Chilliwack, BC, Canada
Saturday June 14, 2025
Mixed Responsibilities
This show was, from what I heard, notoriously difficult to staff, I ended up spending the first half of the day supporting the retail booth as a result of this. Notably this isn't the first time I've worked retail with Face to Face, I also took on this role in Saskatoon, but unfortunately as I was on it all day, I didn't feel like there was enough material to really fill out a full tournament report. Which is why you didn't see a report that for that event. The Face to Face system is interesting because to sell a card, you have to first search the card on the point of sale system, and then add it to the order. The system then adds tax and you need to then enter the payment method, notably inputting "cash" transactions or "store credit" as your payment method will cause the POS to take the tax back off. If the player is using a credit voucher, you need to select "coupons" in the system and apply the total voucher amount. Then the next screen will show you how much it actually used (since the first amount included tax, but using a voucher means the customer doesn't need to pay tax) and you need to use a calculator external to the POS to subtract the total amount used from the total amount on the voucher. Once you have the remaining voucher amount, you write it on the back of the voucher, cross out the total on the front and return the slip and cards to the player. If players don't want to deal with this, they can just convert their vouchers to store credit. If this sounds like a giant pain, it is! Each transaction takes 25% longer than it should take due to all the tomfoolery. Everything needs to be run through the system because the inventory used for the one-day shows is the same as the inventory on the website, and so to avoid a horrible and error-prone counting activity after the show, they do this.

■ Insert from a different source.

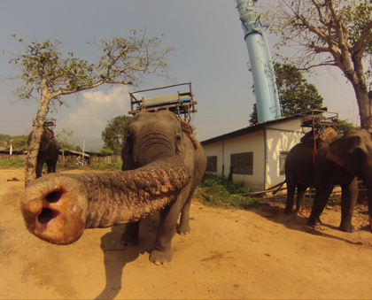 Nous arrivons ensuite au camp d'éléphant où nous pouvons nourrir les pachydermes avec des bananes et des cannes à sucre. On profite pour faire des photos plutôt drôles. Ensuite, nous grimpons sur notre éléphant qui nous promène pendant 30 minutes.

The other thing about the retail booth at one-day shows is that it's connected to the prize wall, and so it's also where people pick up commander packages, which I helped with.This was a fairly easy process of searching their order number in the system and marking it off "received" when I gave them the package.
A Demand for On-Demands
The next thing I did was ODEs. The ODE system is also a little awkward. We have players sign up for events and tell them to wait in a designated location until their event fills up. We don't use buzzers at the smaller shows because often the room simply isn't large enough to merit it, one good yell will locate any players you're missing. Buzzers are also irrelevant when commander pods are constantly launching. When the pod fills up, we find an empty spot in the ODE area, and put the pod there. We give everyone 50 tickets and put 50 in the middle for the winner (for regular commander pods, for the cEDH pods it's 400 in the middle). Then we have all the players enter the companion code into their apps for WotC tracking purposes. It was a bit of a pain because many players didn't have the companion app, because realistically, most commander players will never need to interface with it. Because this was quite time consuming, oftentimes I just left the sheet on the table for the players to enter it while I launched more pods, then collected it later, we didn't need the sheets for anything at the end of the show, so if it went missing it wasn't a big deal. In the future I think we'll have QR codes for the companion app right on the sign up sheets. I'm not entirely sure what a good system for room management is. Kefka was great, but the scale of these events is so much smaller that something similar would feel a little unnecessary. For drafts the process was similar except the bracket stays with the players, at the end the two finalists take the bracket up to the prize wall to get their prizes.
Vincent's Rules Break
Vincent's Limit Break is a very difficult card to read. First, does the power and toughness modification wear off at the end of the turn? Yes. When the creature returns to the battlefield will it have the power and toughness modification? No. This card reminds me a lot of Hold for Ransom. It just has a lot of words and is syntactically very difficult to parse.
...In Conclusion
Overall I basically did logistics all day and answered very few rules questions. I don't mind logistics when it's busy but I am finding it's a bit of a burnout skill for me. I think I have about one day in me of "all logistics no thinking" per event, otherwise I start to go crazy. Still I'm glad to do different stuff every once in a while, having the odd event that has almost no pressure or difficult decisions can be kind of a palate cleanser.